L'anthropologue Claude Levi-Strauss écrit : « La famille, fondée sur l’union de deux individus de sexes différents qui fondent un ménage, procréent et élèvent des enfants, apparaît comme un phénomène pratiquement universel » (Le Regard éloigné, 1983) (note).
Sur le mariage, autrement dit l’union de l’homme et de la femme en vue de la perpétuation de l’espèce, la Genèse - le premier livre de la Bible -, nous propose non pas une mais deux versions, dont l’une, la plus célèbre, fait de la femme un sous-produit de l’homme, et l’autre place les deux sexes sur le même plan :
Le Seigneur Dieu fit tomber dans une torpeur l’homme qui s’endormit ; il prit l’une de ses côtes et referma les chairs à sa place. Le Seigneur Dieu transforma la côte qu’il avait prise à l’homme en une femme qu'il lui amena. L’homme s’écria :
« Voici cette fois l’os de mes os et la chair de ma chair,
celle-ci, on l’appellera femme [isha en hébreu] car c’est de l’homme [ish en hébreu] qu’elle a été prise » (Gen, 2, 21-23).

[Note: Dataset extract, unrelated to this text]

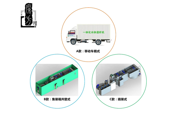 第一套系列產(chǎn)品——“魔方舟”,采用集裝箱結(jié)構(gòu),集生物處理、沉淀、消毒以及設(shè)備間于一體,是采用基于微生物凈化增強技術(shù)和水草仿生技術(shù)開發(fā)的泥膜耦合脫氮除磷技術(shù),這種技術(shù)最大的特點是微生物量大,同時能不斷自我更新活性高,使得系統(tǒng)耐沖擊負荷強、出水效果好;同時在產(chǎn)品定型過程中,不斷的進行故障測試,將污水處理長期運行過程中出現(xiàn)工藝故障形成解決方案固化到設(shè)備功能中去,同時盡可能優(yōu)化機電設(shè)備數(shù)量、提高品質(zhì),在降低運行能耗的同時最大限度減少系統(tǒng)故障點,實現(xiàn)無人值守。

Dieu créa l’homme à son image,
à l’image de Dieu il le créa ;
mâle et femelle il les créa.
Dieu les bénit et Dieu leur dit : « Soyez féconds et prolifiques, remplissez la terre et dominez-la… » (Gen, I, 27-28).
Ce doublon vient de ce que la Bible est la juxtaposition de récits conçus à différentes époques. Il a cela de pratique qu’il satisfait tous les points de vue !
Les théologiens des trois religions monothéistes mettent en avant l’une ou l’autre version selon qu’ils veulent promouvoir l’égalité des sexes ou signifier la prédominance de l’homme sur la femme.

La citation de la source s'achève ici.